Время от времени Захаров начинал вдруг странно сопеть, глубоко дыша, по нарастающей — все чаще и громче. Сперва я подумал: простудился человек, надо бы подлечить. Однако вскоре понял, что причиной сопения является не простуда, а недовольство, раздражение. Основания для этого имелись. Кроме всего прочего, досаждали санные обозы. Ну, если пяток-десяток саней на узкой дороге, то можно их остановить, обогнать. А если полсотни, да еще не военных, а так называемых с прошлой войны «обывательских» саней, управляемых бабами, стариками, подростками. Со снарядами, с патронами, с сеном для сабельных эскадронов?! За ними надо было тащиться до очередной деревни, кои в заокских лесах попадались не часто.
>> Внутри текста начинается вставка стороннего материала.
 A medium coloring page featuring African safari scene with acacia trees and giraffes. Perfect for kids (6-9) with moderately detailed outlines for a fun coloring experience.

Застревали мы в сугробах, вытаскивая вездеход. Есть было нечего — продукты остались в грузовике охраны.
Я давно привык в трудных ситуациях смирять свое нетерпение, молитвенно повторяя слова Лермонтова: «Судьбе, как турок иль татарин, за все я ровно благодарен; у Бога счастья не прошу и молча зло переношу». Захаров же, как представитель новоявленной аристократии из низов, стихи Лермонтова или не читал, или не воспринял их близко к сердцу. Он то и дело начинал «вскипать», лицо и толстая шея его багровели, дыхание становилось хриплым, клокочущим. Я понимал, что он рано или поздно взорвется, скорее рано, чем поздно, и наверняка детонатором послужит какой-либо пустяк, то есть та капля, которая переполнит чащу его неврастенического, неглубокого терпения. Скопившийся пар начал выпускать Захаров по адресу майора Кононенко, ворча:
— Встретил?.. Дорогу показываешь?! Без тебя не нашли бы… Ты бы лучше порядок навел. К стенке ставят за такие дороги…
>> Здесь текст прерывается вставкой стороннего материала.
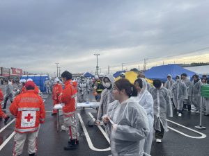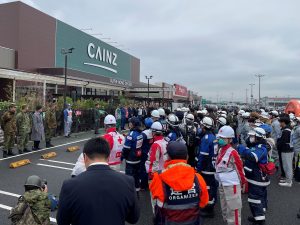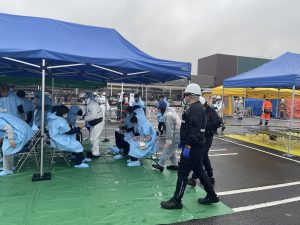 11月17日(金)13時~15時に「令和5年度埼玉県・加須市国民実動訓練」がカインズ大利根店にて行われ、本学「加須市学生消防団」に所属する学生や、公務員を志す学生など18名が参加しました。民間の商業施設では14年ぶりに行われ、大野元裕埼玉県知事、角田守良加須市長をはじめ、消防、警察、自衛隊、病院関係者など約500名が訓練に臨みました。カインズ資材館にサリンが撒かれたという設定にて、本学学生は衣服および靴の除染作業や、軽傷者としてトリアージを受ける訓練を行いました。

Разведчик помалкивал, пожимая плечами; это еще больше раздражало зама комфронта. И вдруг раздался крик, такой громкий и яростный, что я даже вздрогнул:
— Стой, Зайцев! Останови!
Шофер резко затормозил.
Захаров выскочил из машины, так хлобыстнув дверцей, что та едва не отлетела. Кононенко и шофер Зайцев, прихвативший автомат, бросились за генералом. Я пошел следом.
Впереди — недостроенный мост через речушку. Сани переправлялись по льду, по временному настилу. Туда же вела и автомобильная колея. Поодаль, на опушке, толпились бойцы с котелками возле походной кухни.
— Командира ко мне! — прохрипел генерал. Его пальцы рвали ворот гимнастерки, врезавшийся в шею. Не задохнулся бы!
Подбежал командир саперов: худой, высокий капитан в длинной шипели, в больших растоптанных валенках. Видно, что из гражданских. Неумело поднес руку к шапке, хотел доложить.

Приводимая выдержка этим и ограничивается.